Students with a learning disability currently constitute close to 20% of students registered with the Uni of Newcastle's disability service. Some of these students have recently begun using Voice Recognition Software (Naturally Speaking) to address some of the difficulties they experience producing print material using conventional methods. Many of these students have developed strong verbal communication skills and as such VR software offers them an effective strategy in the Tertiary environment. Once a student with a learning disability, such as dislexia, is shown that VR software does work and enters the training phase they experience a new sense of empowerment and control as well as an increase in confidence and self esteem.
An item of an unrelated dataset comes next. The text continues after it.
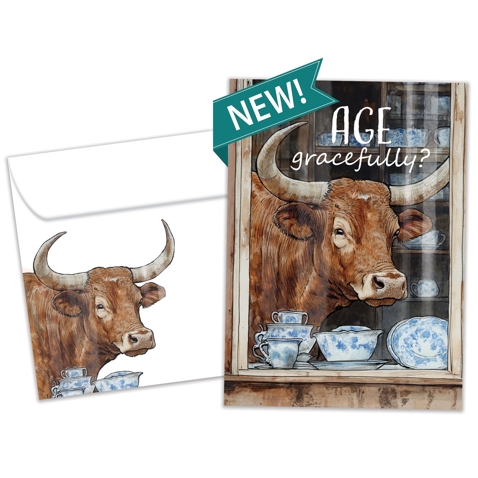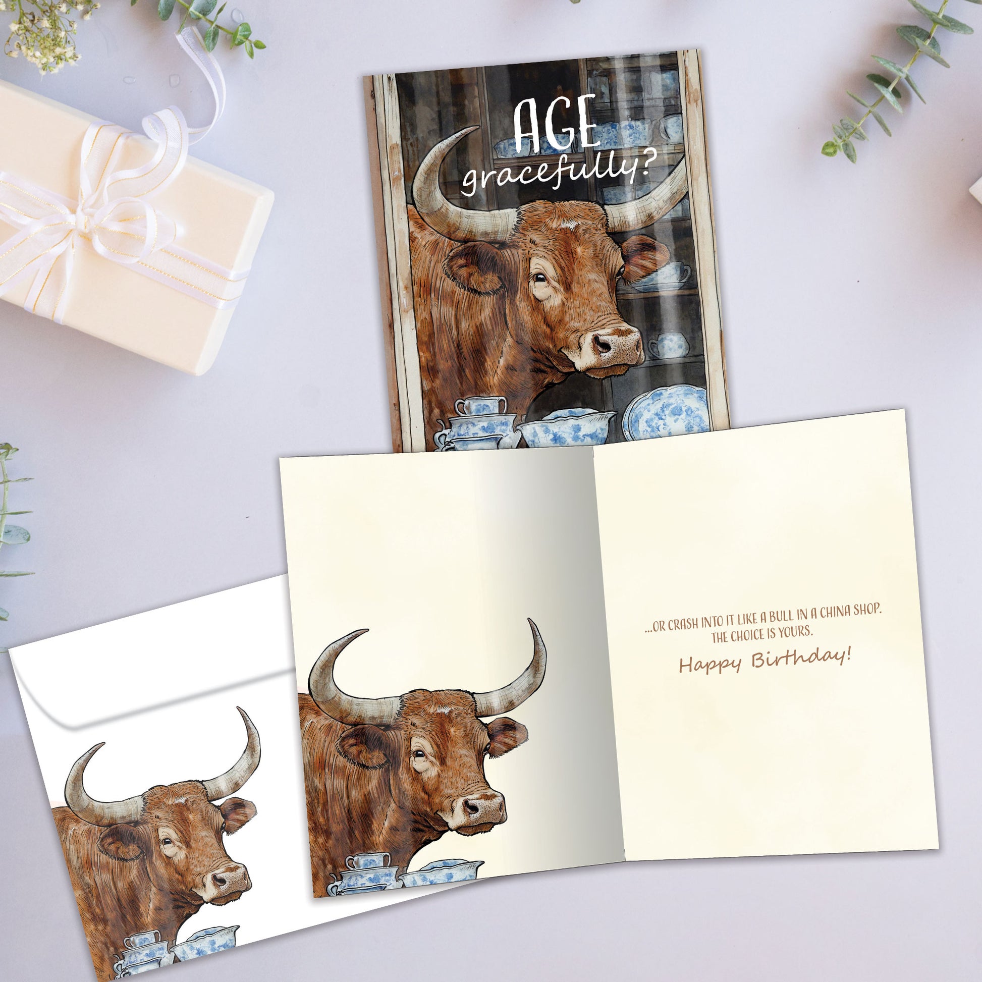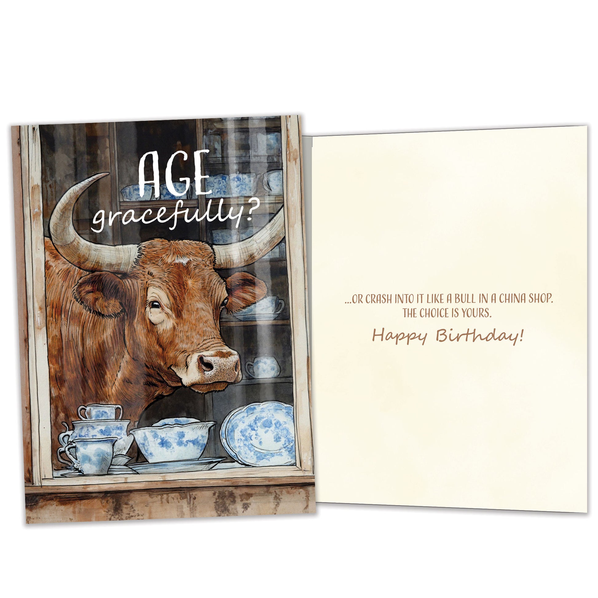 This 5 x 7 Birthday greeting card reads "Age gracefully?" on the cover, and on the inside shares the message "Or crash into it like a bull in a china shop. The choice is yours. Happy birthday!". It features art by Shawn Braley, includes a fully printed matching ARTvelope, and is made from 100% post-consumer recycled material. Proudly made in the Canada.

This can be a great platform from which to launch an attack on academia.

Trevor Wilks

Manager, Adtech Centre, University of Newcastle

CONCLUSION

This project has created a lot of interest, and from feedback received so far, has met a real need within the university disability support field in particular. The nature of the project involves ongoing monitoring of the technology. The extensive, complex and specialised nature of Assistive Technology information requires specialised skills, and the shortage of specialist Assistive Technology staff within the university sector means that this type of information is invaluable in making decisions about what technology to purchase, and which students may benefit from its use. I believe that we have established a very effective model for future technology support mechanisms within the university sector. This does not replace individual universities' obligations to supply appropriate staffing in this field, but is a supplementary mechanism which can enhance the appropriate use of technology to assist students with disabilities to achieve a higher level of independence and access to higher education.

Voice Recognition Technology is in the early stages of its very rapid development, and I believe that we will see even more developments in the near future. Even though this technology currently has its limitations, many students with disabilities are able to benefit significantly from the technology at the moment. Future developments should see even greater advantages and efficiencies associated with its incorporation into education. Voice Recognition Report 2.